The book’s introduction by the editors is on the violence of austerity. After that it is divided into four sections, each on different aspects of austerity and its maltreatment of the poor.

Part 1, ‘Deadly Welfare’, contains the following chapters

  1. Mental Health and Suicide, by Mary O’Hara
  2. Austerity and Mortality, by Danny Dorling
  3. Welfare Reforms and the Attack on Disabled People, by John Pring
  4. The Violence of Workfare by Jon Burnett and David Whyte
  5. The Multiple Forms of Violence in the Asylum System by Victoria Canning
  6. The Degradation and Humiliation of Young People, by Emma Bond and Simon Hallsworth.

Part II, ‘Poverty Amplification’, has these

7. Child Maltreatment and Child Mortality, by Joanna Mack
8. Hunger and Food Poverty, by Rebecca O’Connell and Laura Hamilton
9. The Deadly Impact of Fuel Poverty, by Ruth London
10. The Violence of the Debtfare State, by David Ellis
11. Women of Colour’s Anti-Austerity Activism, by Akwugo Emejulu and Leah Bassel
12. Dismantling the Irish Peace Process, by Daniel Holder

Part III, ‘State Regulation’, includes

13. Undoing State Protection, by Steve Tombs
14. Health and Safety at the Frontline of Austerity, by Hilda Palmer and David Whyte
15. Environmental Degradation, by Charlotte Burns and Paul Tobin
16. Fracking and State Violence, by Will Jackson, Helen Monk and Joanna Gilmore
17. Domicide, Eviction and Repossession, by Kirsteen Paton and Vickie Cooper
18. Austerity’s Impact on Rough Sleeping and Violence, by Daniel McCulloch.

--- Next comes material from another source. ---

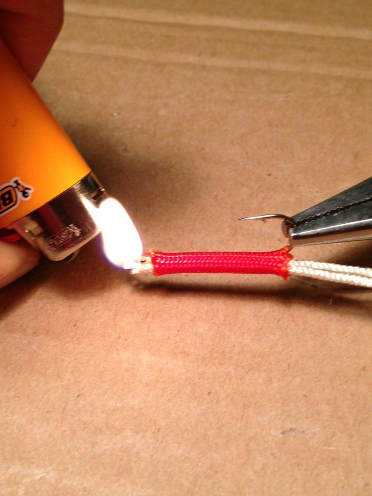 Make sure the eye hook at the end of the hook is exposed. Don’t melt the paracord over it.
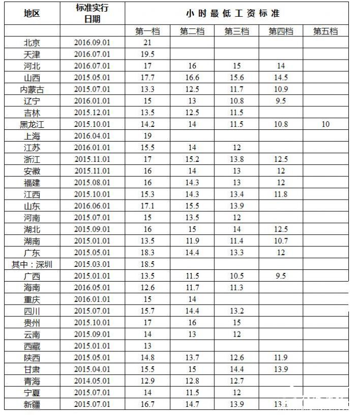 第一档小时最低工资标准,北京最高,为21元。天津(19.5元)与上海(19元)分列第二、三位。

Part IV, ‘State Control’, has these chapters

19. Legalising the Violence of Austerity, by Robert Knox
20. The Failure to Protect Women in the Criminal Justice System, by Maureen Mansfield and Vickie Cooper
21. Austerity, Violence and Prisons, by Joe Sim
22. Evicting Manchester’s Street Homeless, by Steven Speed
23. Policing Anti-Austerity through the ‘War on Terror’ by Rizwaan Sabir
24. Austerity and the Production of Hate, by Jon Burnett.

These are all subjects that left-wing blogs like Vox Political, Another Angry Voice, Pride’s Purge have all covered and discussed. The last chapter, ‘Austerity and the Production of Hate’, is on a subject that Mike’s discussed several times in Vox Political: the way the Tory press and media justifies the savage attacks on the poor and disabled through stirring up hatred against them. Mike has published several articles on the way Tory propaganda has resulted in vicious attacks on the poor, particularly the homeless.

This violence and campaign of hatred isn’t going to stop after Boris’ victory, and his appeal for healing after the election is just rhetoric. He doesn’t want healing, he wants compliance and complacency. He doesn’t deserve them, and should not be given any, because from now on he and his party will only step up the attacks.

Don’t be taken in by establishment lies. Keep working to get him out!